BACKGROUND OF THE INVENTION

1. Field of the Invention

The present invention relates to a mounting sheet, a polishing apparatus and a method for making the same. Particularly, the invention relates to a mounting sheet with different mounting areas, a polishing apparatus and a method for making the same.

2. Description of the Related Art

Polishing generally refers to a wear control for a preliminary coarse surface in the process of chemical mechanical polishing, which makes the slurry containing fine particles evenly dispersed on the upper surface of a polishing pad, and at the same time places a polishing workpiece against the polishing pad and then rubs the polishing workpiece repeatedly with a regular motion. The polishing workpiece may be objects such as a semiconductor, a storage medium substrate, an integrated circuit, an LCD flat-panel glass, an optical glass and a photoelectric panel. During the polishing process, a mounting sheet must be used for carrying and mounting the polishing workpiece, and the quality of the mounting sheet directly influences the polishing effect of the polishing workpiece.

FIG. 1 shows a schematic view of a polishing device with a conventional mounting sheet. The polishing device 1 includes a lower base plate 11, a mounting sheet 12, a polishing workpiece 13, an upper base plate 14, a polishing pad 15 and slurry 16. The mounting sheet 12 is adhered to the lower base plate 11 through an adhesive layer 17 and is used for carrying and mounting the polishing workpiece 13. The polishing pad 15 is mounted on the upper base plate 14.

The operation mode of the polishing device 1 is as follows. First, the polishing workpiece 13 is mounted on the mounting sheet 12, and then both the upper and lower base plates 14 and 11 are rotated and the upper base plate 14 is simultaneously moved downward, such that the polishing pad 15 contacts the surface of the polishing workpiece 13, and a polishing operation for the polishing workpiece 13 may be performed by continuously supplementing the slurry 16 and using the effect of the polishing pad 15.

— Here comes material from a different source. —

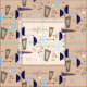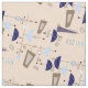 Mid-Century Modern Half Moons Fabric in a space age inspired design in shades of blue on a cream background.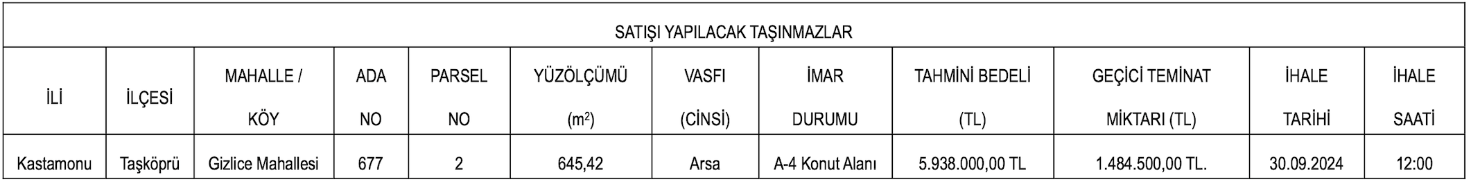 Kastamonu Çevre Şehircilik ve İklim Değişikliği İl Müdürlüğü Taşköprü Milli Emlak Şefliği satışa çıkarılan arsanın tahmini satış bedeli 5 milyon 938 bin TL, geçici teminat bedeli ise 1 milyon 484 bin 500 TL şeklinde açıklandı. Arsanın satış ihalesi 30 Eylül 2024 tarihinde saat 12.00’de yapılacak.

In order to effectively mount and secure the polishing workpiece in the polishing process, a mounting force of the conventional mounting sheet is usually great. Furthermore, a material of a mounting surface of the mounting sheet for mounting the polishing workpiece is usually foamed polyurethane comprising a plurality of foam pores. Air in the foam pores may be removed to form a low-pressure environment by extruding during the polishing process, and the mounting force is further enhanced. After completing the polishing process, the polishing workpiece 13 must be unloaded from the mounting sheet 12. The great mounting force causes resistance in the unloading process. Parts of the polishing workpiece mounted by a peripheral area of the mounting sheet are easily unloaded because machining is easily applied thereon, and a greater moment of force is achieved when applying a constant force. However, parts of the polishing workpiece mounted by an area closer to a center of the mounting sheet are difficultly unloaded because machining is hardly applied thereon, and a less moment of force is achieved when applying a constant force. If the polishing workpiece is a thin panel with a large area such as an optical glass, the duration of the unloading process is extended, and difficulty of the unloading process is high. The polishing workpiece is very easily broken because of uncarefully processing and efficiency of polishing process is lowered with increasing cost.

Therefore, it is needed to provide a novel and improved mounting sheet, a polishing apparatus and a method for making the same to resolve the problems mentioned above.

SUMMARY OF THE INVENTION

The present invention provides a mounting sheet; wherein a mounting layer has different mounting areas, so that the requirements of a sufficient mounting force when polishing and easy unloading when completing polishing can be both met.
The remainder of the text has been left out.